In [1]:
import os

from minio import Minio
from minio.error import S3Error

import mlflow
from mlflow.tracking import MlflowClient
import mlflow.pytorch

import torch

In [2]:
from dotenv import load_dotenv
load_dotenv()

# Set up MLflow tracking URI and MinIO configuration
MLFLOW_TRACKING_URI = os.getenv('MLFLOW_REMOTE_SERVER_URI')
MLFLOW_S3_ENDPOINT_URL = f"https://{os.getenv('REMOTE_MLFLOW_STORAGE_URI')}"
AWS_ACCESS_KEY_ID = os.getenv('NEW_USER_USERNAME')
AWS_SECRET_ACCESS_KEY = os.getenv('NEW_USER_PASSWORD')
REMOTE_MLFLOW_STORAGE_URI = os.getenv('REMOTE_MLFLOW_STORAGE_URI')

os.environ['MLFLOW_TRACKING_URI'] = MLFLOW_TRACKING_URI
os.environ['MLFLOW_S3_ENDPOINT_URL'] = MLFLOW_S3_ENDPOINT_URL
os.environ['AWS_ACCESS_KEY_ID'] = AWS_ACCESS_KEY_ID
os.environ['AWS_SECRET_ACCESS_KEY'] = AWS_SECRET_ACCESS_KEY
os.environ['MLFLOW_S3_IGNORE_TLS'] = 'false'

mlflow_client = MlflowClient()

In [3]:
# Set up MinIO client
minio_client = Minio(
    endpoint=REMOTE_MLFLOW_STORAGE_URI,
    access_key=AWS_ACCESS_KEY_ID,
    secret_key=AWS_SECRET_ACCESS_KEY,
    secure=True
)

# List objects in the bucket
bucket_name = "mlflowbucket"
# prefix = "mlflow/"
prefix = ""
try:
    objects = minio_client.list_objects(bucket_name, prefix=prefix, recursive=True)
    for obj in objects:
        print(obj.object_name)
except S3Error as e:
    print("Error occurred:", e)

21228c06f6b643938b156510312de1a5/artifacts/classification_report.txt
21228c06f6b643938b156510312de1a5/artifacts/model/MLmodel
21228c06f6b643938b156510312de1a5/artifacts/model/conda.yaml
21228c06f6b643938b156510312de1a5/artifacts/model/data/model.pth
21228c06f6b643938b156510312de1a5/artifacts/model/data/pickle_module_info.txt
21228c06f6b643938b156510312de1a5/artifacts/model/python_env.yaml
21228c06f6b643938b156510312de1a5/artifacts/model/requirements.txt
57cedbcc86d3444fa3c079443bfeec7c/artifacts/classification_report.txt
57cedbcc86d3444fa3c079443bfeec7c/artifacts/model/MLmodel
57cedbcc86d3444fa3c079443bfeec7c/artifacts/model/conda.yaml
57cedbcc86d3444fa3c079443bfeec7c/artifacts/model/data/model.pth
57cedbcc86d3444fa3c079443bfeec7c/artifacts/model/data/pickle_module_info.txt
57cedbcc86d3444fa3c079443bfeec7c/artifacts/model/python_env.yaml
57cedbcc86d3444fa3c079443bfeec7c/artifacts/model/requirements.txt
6fed7bbe04d14e9aa4ffbce4b48a56e8/artifacts/model/MLmodel
6fed7bbe04d14e9aa4ffbce4b48

In [4]:
# List experiments
experiments = mlflow.search_experiments()

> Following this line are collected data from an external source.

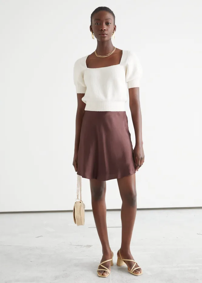 Лаконичная юбка в бельевом стиле пригодится и летом, и осенью. В жаркий сезон носи ее с укороченным топом, а в холодный — с водолазкой или объемным свитером.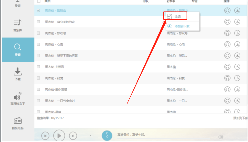 3.等到搜索结果出来之后我们在界面中选中一首音乐,然后用鼠标右键点击它,点击之后就可以点击全选按钮来全部选中这些音乐了。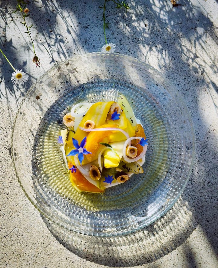 Uhambo olunelanga kwiindawo ezine ezimnandi. Indawo, indawo yokungena entsha, isidlo esinobubele, nobumnandi obumnandi.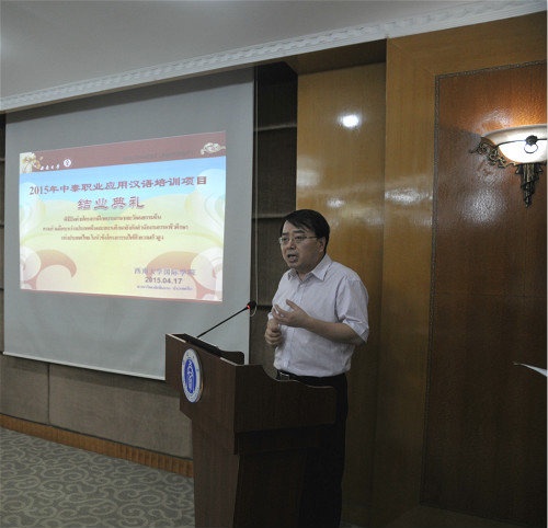 张家政副经理在致辞中表示,结业典礼令人既感到高兴又有点不舍,同时还有点令人嫉妒。高兴的是迎来了以亚索通职业技术公司前任经理阿敦德先生为代表的泰国职业教育界的新老朋友;不舍的是职业技术公司的高铁人才储备项目的同学们将结束在华的汉语培训营回国;嫉妒的是在该项目同学们即将回国之际,所在公司的领导特意前来参加结业典礼,对各位同学的关爱和对同学们未来职业发展的关注可见一斑。希望学员们回国后能继续学习汉语,学好汉语,为今后服务泰国高铁项目做好准备,希望大家能像高铁一样,架起和维护中泰友谊和交流的桥梁。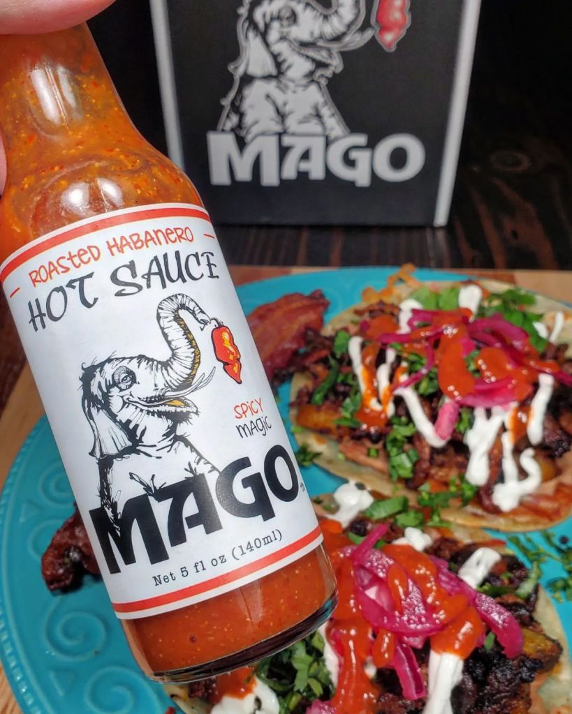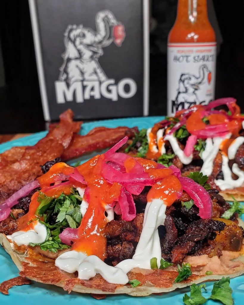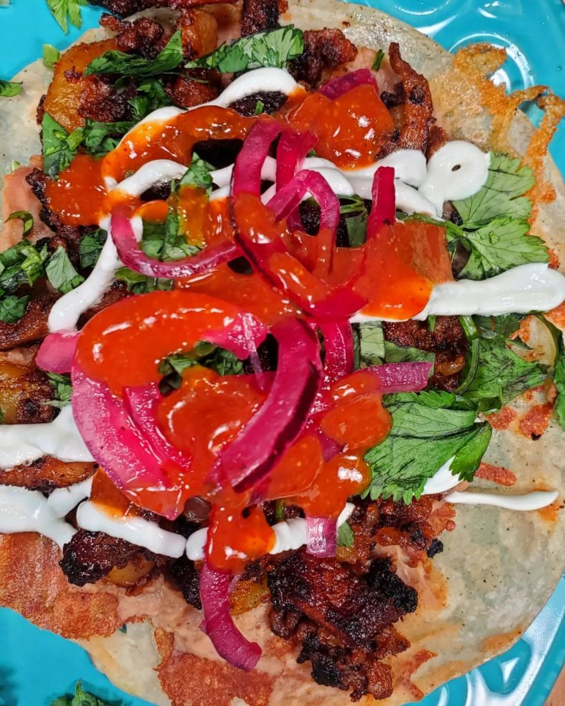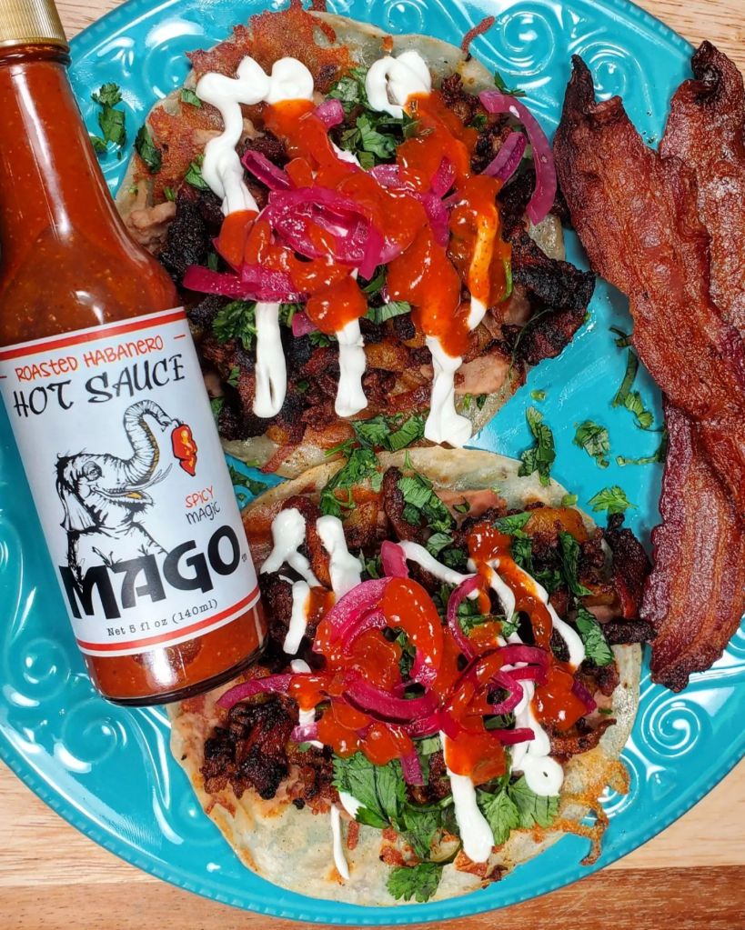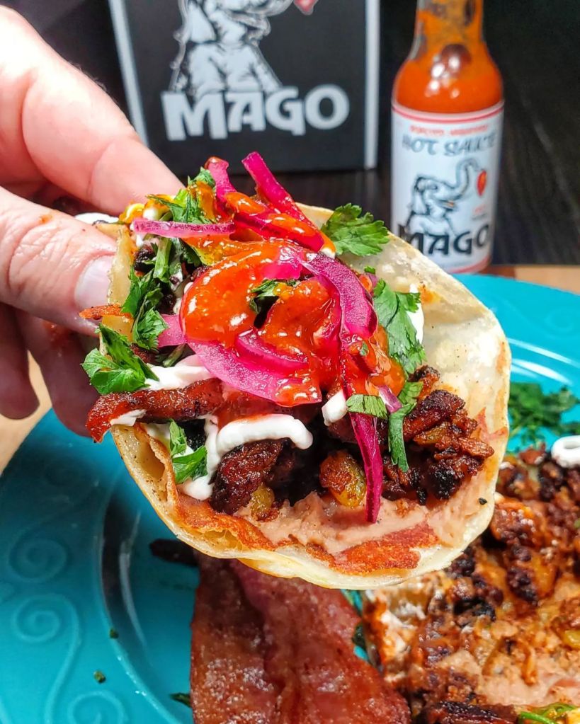 I fried the adobada up in bacon grease and afterwards piled it and the chorizo/potato/onion concoction into a hot flour tortilla housing a crispy piece of cheese and a layer of refried beans. We drizzled on a little crema, cilantro,pickled onions and a whole bunch of one of my favorite habanero sauces of all time, Roasted Habanero from @magohotsauce .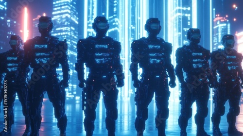 Futuristic security team in neon city. Cyber soldiers stand guard in a vibrant, digital urban environment. High-tech armor and glowing light displays reflect a futuristic vision of urban protection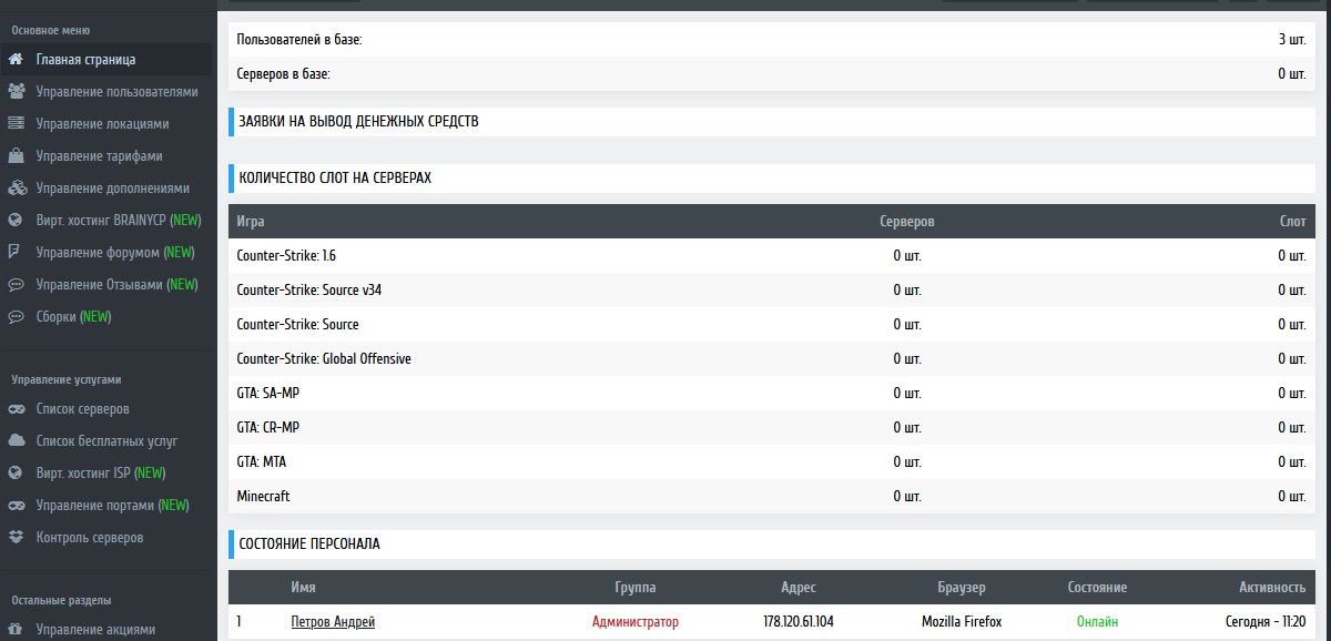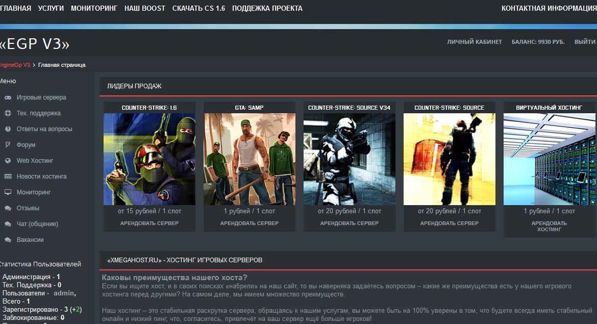 Панель управления хостингом игровых Серверов - EGPV3. это обновлённая и доработанная оригинальная версия EngineGamePanel v3 с которой вы можете с лёгкостью открыть многофункциональный проект или просто запустить игровой сервер, общаться в чате, подключать vds к панели, загружать сборки с яндекс диска. Устанавливать WEB МОДУЛИ (CSBANS, AMXBANS, ASTATS, CSSTATS, Buy Privileges) и многое другое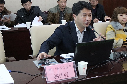 (圖為董事長兼總經(jīng)理陳鴻做董事會工作報告)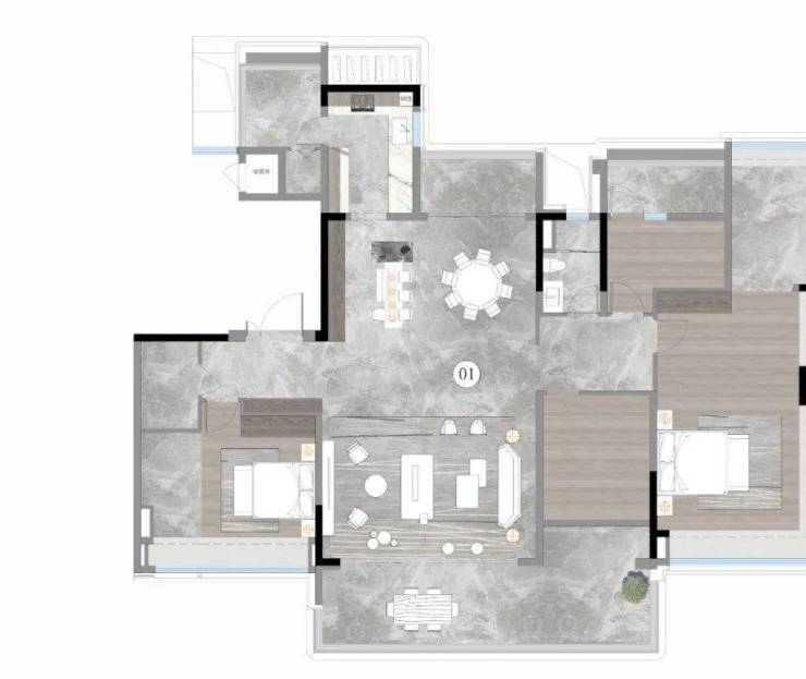 延续了一期的经典格局和品质,打造板式楼栋设计,独梯独户的豪宅私密性,并加强了三面采光,实现了餐客厅、主卧的南北对流。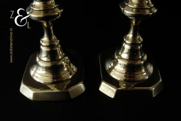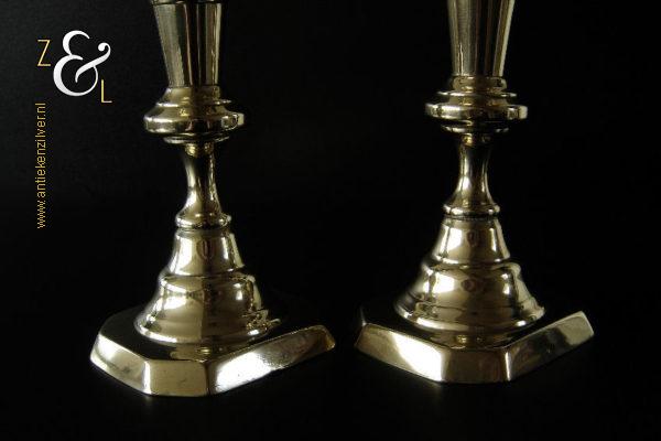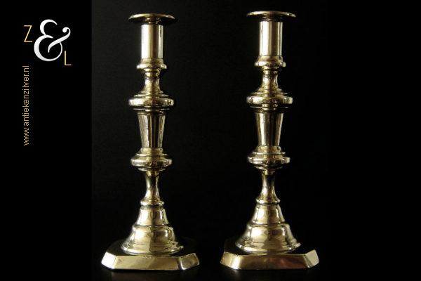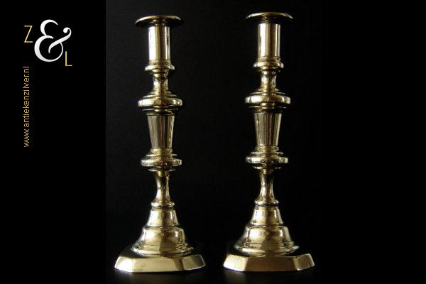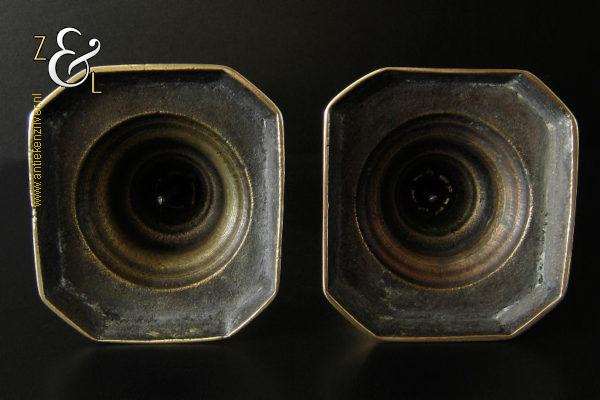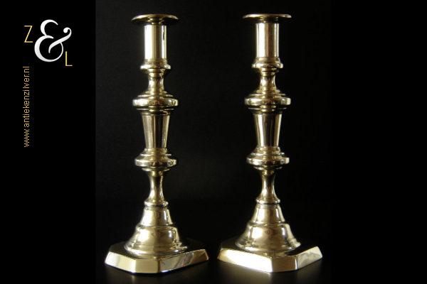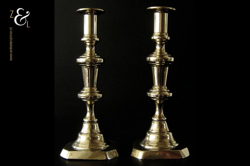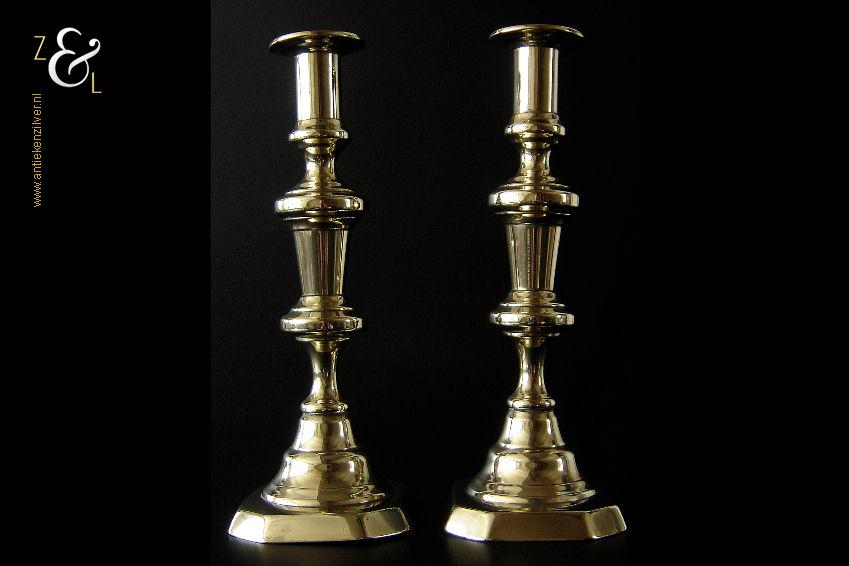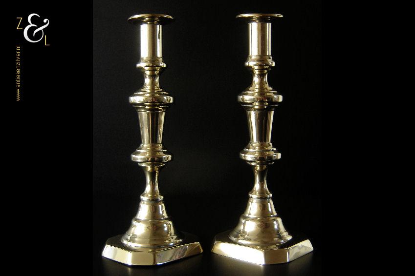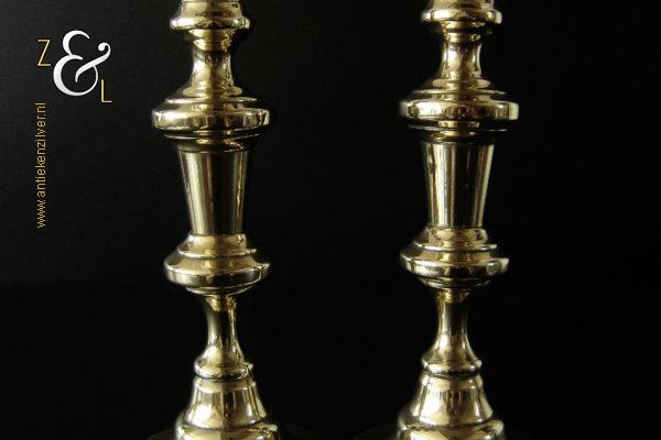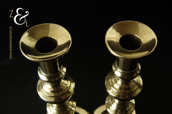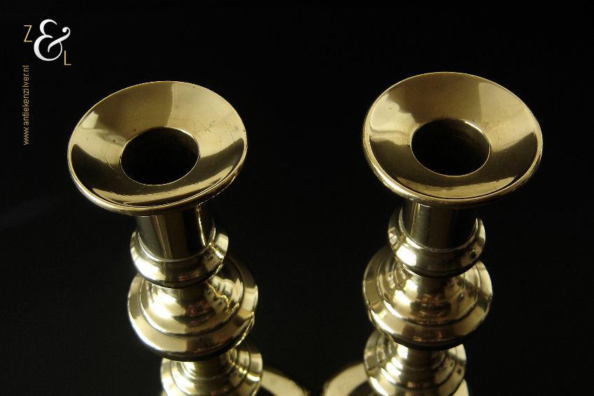 Dit stel messing kandelaars is gemaakt in Engeland tijdens de tweede helft van de 19e eeuw de Victoriaanse periode die liep van 1837 tot 1901. De kandelaars waarvan de balustervormige stelen zijn uitgevoerd in Art Deco stijl zijn 26.5 cm hoog hebben een rechthoekige voet met afgeschuinde hoeken van 9.6 cm bij 10.8 cm en wegen samen 1036 gram. De kandelaars zijn geschikt voor kaarsen met een diameter van 2.2 cm en hebben een bobèche (kaarsvetopvanger) met een diameter van 5.2 cm. Tevens zijn de kandelaars voorzien van een zogenaamd “Push up ejection mechanism” (duwuitwerp-mechanisme) een patent van James Barlow sinds 1839, hiermee kan men na het branden van een kaars op een gemakkelijke wijze het overgebleven kaarsvet of de kaarsstomp verwijderen. James Barlow Brass Candlestick Maker te Birmingham was een fabrikant van diverse messing en koperen gebruiksartikelen. Bij de kandelaars zijn de voeten enigszins verbogen en zijn de ronde duwschijfjes van het “Push up ejection mechanism” (duwuitwerp-mechanisme) kwijtgeraakt zie geel omkaderde gedeeltes op afbeeldingen.

for experiment in experiments:
    print(f"Experiment ID: {experiment.experiment_id}, Name: {experiment.name}")

Experiment ID: 46, Name: Music_Genre_Classification_V2_19:17:29.8986
Experiment ID: 45, Name: Music_Genre_Classification_V2_18:52:06.3148
Experiment ID: 44, Name: Music_Genre_Classification_V2_18:35:37.0929
Experiment ID: 43, Name: Music_Genre_Classification_V2_17:49:20.0907
Experiment ID: 42, Name: Music_Genre_Classification_V2_19:35:42.6849
Experiment ID: 41, Name: Music_Genre_Classification_V4_20:04:39.9682
Experiment ID: 37, Name: Music_Genre_Classification_V2_11:56:15.3037
Experiment ID: 25, Name: Music_Genre_Classification_V2_19:11:34.5089
Experiment ID: 17, Name: Music Genre Classification 22:43:35.8824


In [5]:
# List runs for a specific experiment
experiment_id = "41"
runs = mlflow.search_runs(experiment_ids=[experiment_id])
artifact_uri = runs.iloc[0].artifact_uri
print(f"artifact_uri for experiment_id {experiment_id}: {artifact_uri}")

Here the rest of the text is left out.